| WORK REQUEST |
Keep the pictures out, and restate the listing that follows exactly as written.

| DATA EXCERPT |
= Beginning of Section =

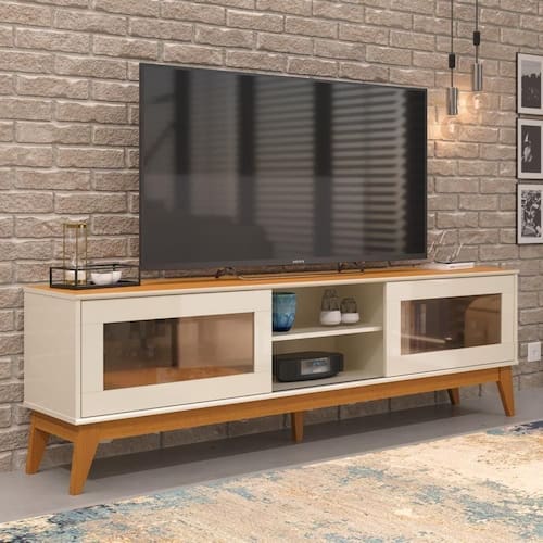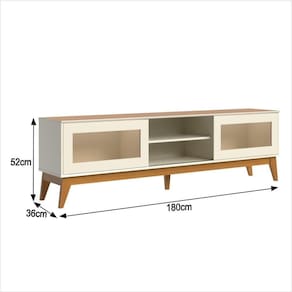Ambiente Principal: Sala de Estar | Largura: 180 cm | Complexidade da Montagem: Média | Pessoas necessárias para montagem: 1 | Altura: 52 cm | Profundidade: 36 cm | Suporta até: 30 kg | Possui iluminação Não | Peso 27 kg | Origem do produto Nacional | Necessita montagem: Sim | Possui portas: Sim | Possui gavetas: Não Possui Gavetas | Quantidade de caixas de embalagem: 1 | Possui prateleiras?: Sim | Possui nichos?: Sim | Possui espelhos?: Não Possui Espelhos | Possui vidro?: Sim | Modelo Lince; Rack; Estante TV; Sala de Estar; Quarto; Royal; | Marca: ViaNossa; ViaNossa Móveis; EDN Móveis; Lince; Royal | Material: MDP e MDF | Formato do móvel: Rack | Acabamento Pintura UV | Tempo de garantia: 3 meses | Tipo de garantia: Fabricante | Inclui manual de montagem: Sim Off White e Cedro
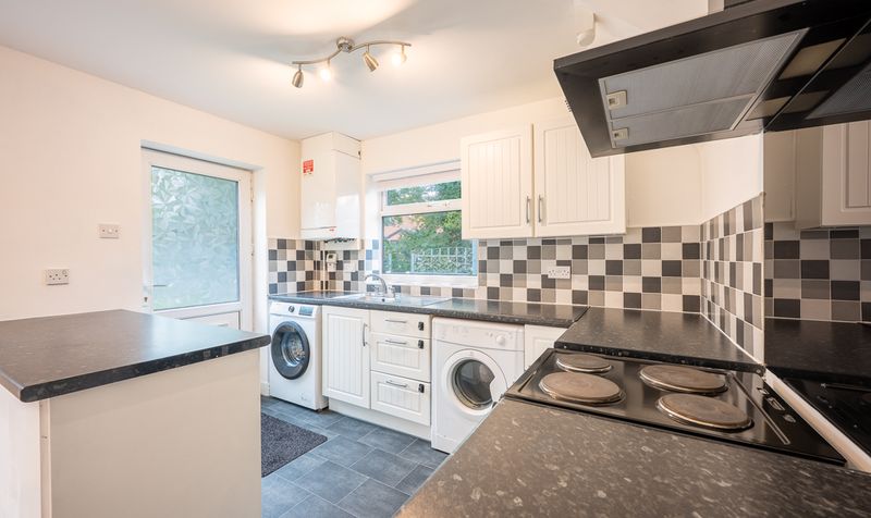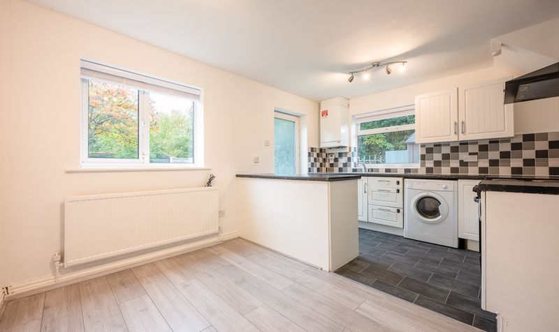 To the rear of the home lies the modern kitchen and dining area-an ideal hub for everyday living. Fitted with shaker-style cabinetry, contrasting work surfaces, and tiled splashbacks, the kitchen offers both functionality and charm. There is ample room for appliances and a practical breakfast bar that creates a sociable space for casual dining, while there is also space for a dining table, perfect for hosting family dinners and entertaining guests. A rear door opens directly to the garden, allowing easy indoor-outdoor flow, ideal for summer gatherings or relaxed evenings at home.
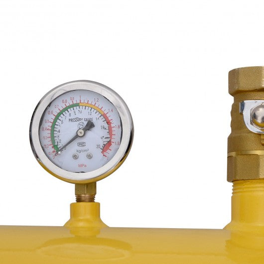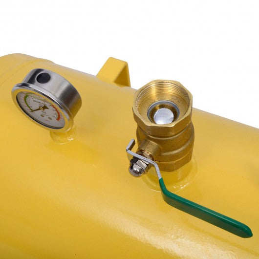 Specification: Material:2.5 MM Carbon Steel Color: Yellow Tank Capacity: 10 Gallons Work On Tire Up To 47� Operating Pressure: 85-116 PSI (0.6-0.8 Mpa) Maximum Pressure: 145 PSI (1 MPa) ATV Tire: 40 PSI Lawn Tractor Tre: 40-50 PSI (2.7-3.4 Bar) Tractor Tire: 100-120(6.8-8.2 Bar) Large Tractor Tire: 120 PSI (8.2 Bar) Car Tire: 50-60 PSI (3.4-4.1 Bar) Truck Tire: 100-130 PSI (6.8-8.2 Bar) 4 � 4 Tire: 6�80 PSI (4.1-4 Bar) Overall Dimensions: 22� � 17.8� � 10.6" Package Include: 1 � 10 Gallons Compact Air Bead Seater 1 � Threaded Barrel

= End of Section =

| WRITTEN ANSWER |
Ambiente Principal: Sala de Estar | Largura: 180 cm | Complexidade da Montagem: Média | Pessoas necessárias para montagem: 1 | Altura: 52 cm | Profundidade: 36 cm | Suporta até: 30 kg | Possui iluminação Não | Peso 27 kg | Origem do produto Nacional | Necessita montagem: Sim | Possui portas: Sim | Possui gavetas: Não Possui Gavetas | Quantidade de caixas de embalagem: 1 | Possui prateleiras?: Sim | Possui nichos?: Sim | Possui espelhos?: Não Possui Espelhos | Possui vidro?: Sim | Modelo Lince; Rack; Estante TV; Sala de Estar; Quarto; Royal; | Marca: ViaNossa; ViaNossa Móveis; EDN Móveis; Lince; Royal | Material: MDP e MDF | Formato do móvel: Rack | Acabamento Pintura UV | Tempo de garantia: 3 meses | Tipo de garantia: Fabricante | Inclui manual de montagem: Sim Off White e Cedro
 To the rear of the home lies the modern kitchen and dining area-an ideal hub for everyday living. Fitted with shaker-style cabinetry, contrasting work surfaces, and tiled splashbacks, the kitchen offers both functionality and charm. There is ample room for appliances and a practical breakfast bar that creates a sociable space for casual dining, while there is also space for a dining table, perfect for hosting family dinners and entertaining guests. A rear door opens directly to the garden, allowing easy indoor-outdoor flow, ideal for summer gatherings or relaxed evenings at home.
 Specification: Material:2.5 MM Carbon Steel Color: Yellow Tank Capacity: 10 Gallons Work On Tire Up To 47� Operating Pressure: 85-116 PSI (0.6-0.8 Mpa) Maximum Pressure: 145 PSI (1 MPa) ATV Tire: 40 PSI Lawn Tractor Tre: 40-50 PSI (2.7-3.4 Bar) Tractor Tire: 100-120(6.8-8.2 Bar) Large Tractor Tire: 120 PSI (8.2 Bar) Car Tire: 50-60 PSI (3.4-4.1 Bar) Truck Tire: 100-130 PSI (6.8-8.2 Bar) 4 � 4 Tire: 6�80 PSI (4.1-4 Bar) Overall Dimensions: 22� � 17.8� � 10.6" Package Include: 1 � 10 Gallons Compact Air Bead Seater 1 � Threaded Barrel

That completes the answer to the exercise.